### [EXERCISE PROMPT]
Every line below is to be copied exactly, with the pictures left out.

### [DATA]
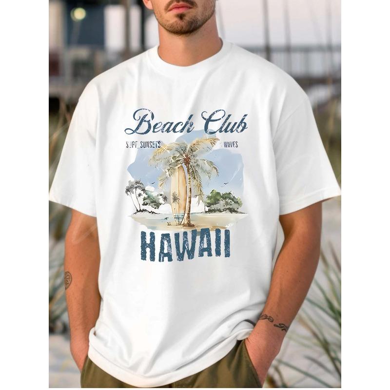 European sizes Men's White T-Shirt: "Beach Club Hawaii" Tropical Print
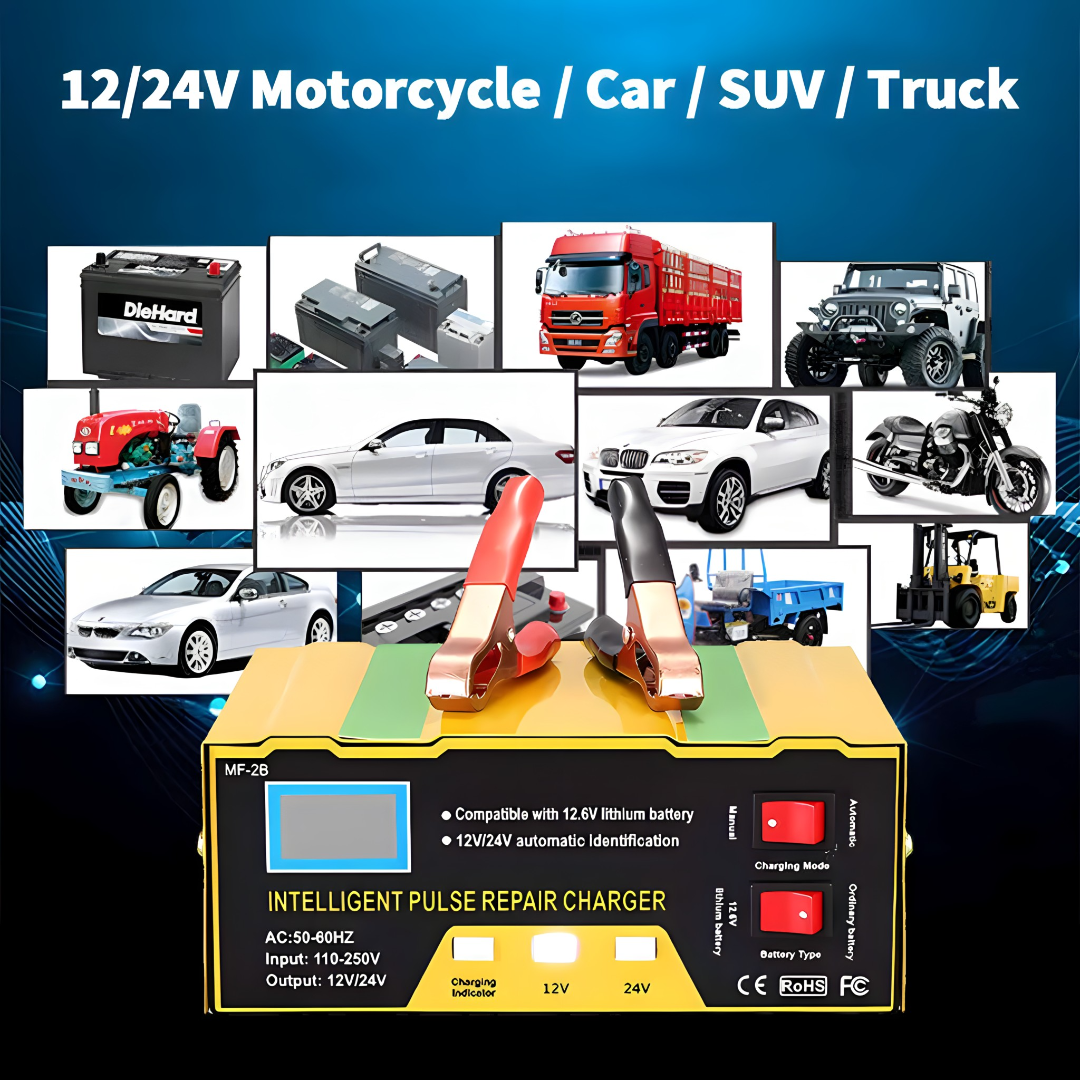 Ovaj uređaj podržava akumulatore od 12V i 24V, što ga čini pogodnim za širok spektar vozila, uključujući automobile, motocikle, kamione i čamce.
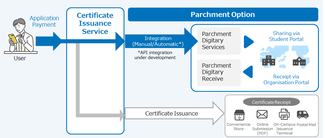As a result, customers can now choose between the online submission feature of the Certificate Issuance Service (“Online Submission Feature”), which enables the digital academic credentials to be sent to designated recipients mainly in Japan, and Parchment, which primarily facilitates submissions to overseas institutions. This dual-optional approach, which enables customers to choose the delivery method based on their destination, represents an innovative industry effort.

### [REPLY]
 European sizes Men's White T-Shirt: "Beach Club Hawaii" Tropical Print
 Ovaj uređaj podržava akumulatore od 12V i 24V, što ga čini pogodnim za širok spektar vozila, uključujući automobile, motocikle, kamione i čamce.
As a result, customers can now choose between the online submission feature of the Certificate Issuance Service (“Online Submission Feature”), which enables the digital academic credentials to be sent to designated recipients mainly in Japan, and Parchment, which primarily facilitates submissions to overseas institutions. This dual-optional approach, which enables customers to choose the delivery method based on their destination, represents an innovative industry effort.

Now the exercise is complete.